Тут дедушка в наилучшем расположении духа говорит, утирая рот:
— Ты никак думаешь, что я состарился, так выкинь это из головы.
— Какое, — протестует Феллер, — мужчина в самом соку. — и, обращаясь к тетке-жене: — Но что верно, то верно, Бризен город подходящий, и, когда я состарюсь, я, пожалуй, тоже подумаю.
— Да перестаньте вы оба, — сердится Кристина. — Только и слышишь: Бризен да Бризен.
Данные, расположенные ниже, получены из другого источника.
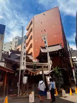 This shrine, nestled among the skyscrapers of Ningyocho, Tokyo, has stood for over 500 years. Despite its small size, its fame is immense. Its survival during the air raid, coupled with the survival of the soldiers who guarded the shrine, has fueled widespread legends of its good fortune.
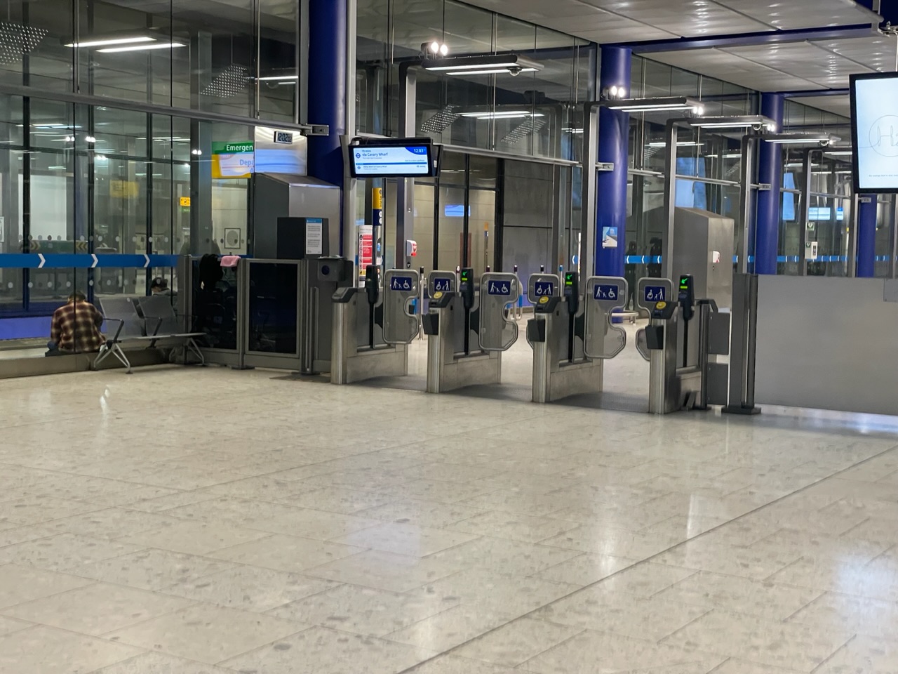 Fare gates at Heathrow Airport for London’s new Elizabeth line. (Stephen Fesler)
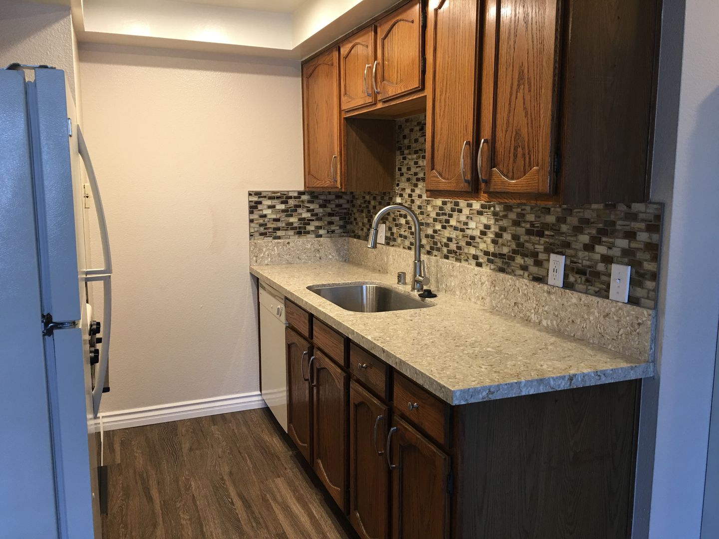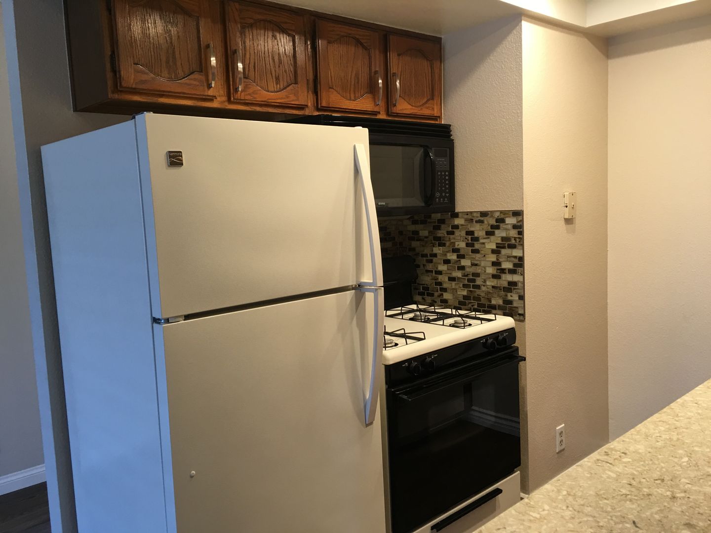 The kitchen has a dishwasher, gas stove, refrigerator, and microwave.
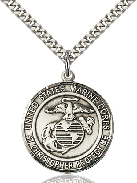 • Sterling Silver MARINES/ST. CHRISTOPHER Pendant, Stainless Silver Heavy Curb Chain
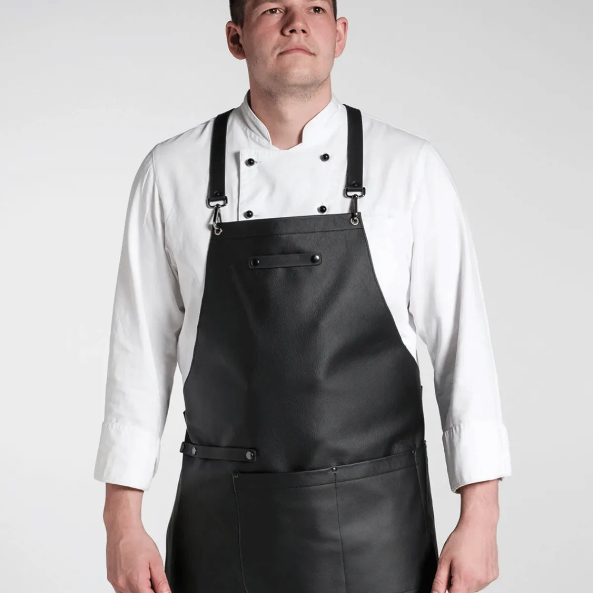 Waschbär Kochschürze aus Rindleder, schwarz.
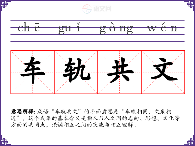 成语“车轨共文”的字面意思是“车辙相同,文采相通”。这个成语的基本含义是指人与人之间的志向、思想、文化等方面的共同点,强调相互之间的交流与相互理解。

Старик, ну, тот иногда говорит о всяких таких вещах, но Феллер, праведный брат Феллер лучше бы помолчал: Бризен! А ведь тебе, Кристина, даже неизвестно, что известно Феллеру, ему это открыл пропойца ротмистр: женского пола, — что песчинок на дне морском.
— Много ли вы бывали в Бризене! — говорит Кристина.
— Раньше много, — отвечает мой дедушка. — Когда мельница строилась. Все тогда Кёниг поставил, знатная фирма, а когда все привезли и сгрузили, угощал пивом.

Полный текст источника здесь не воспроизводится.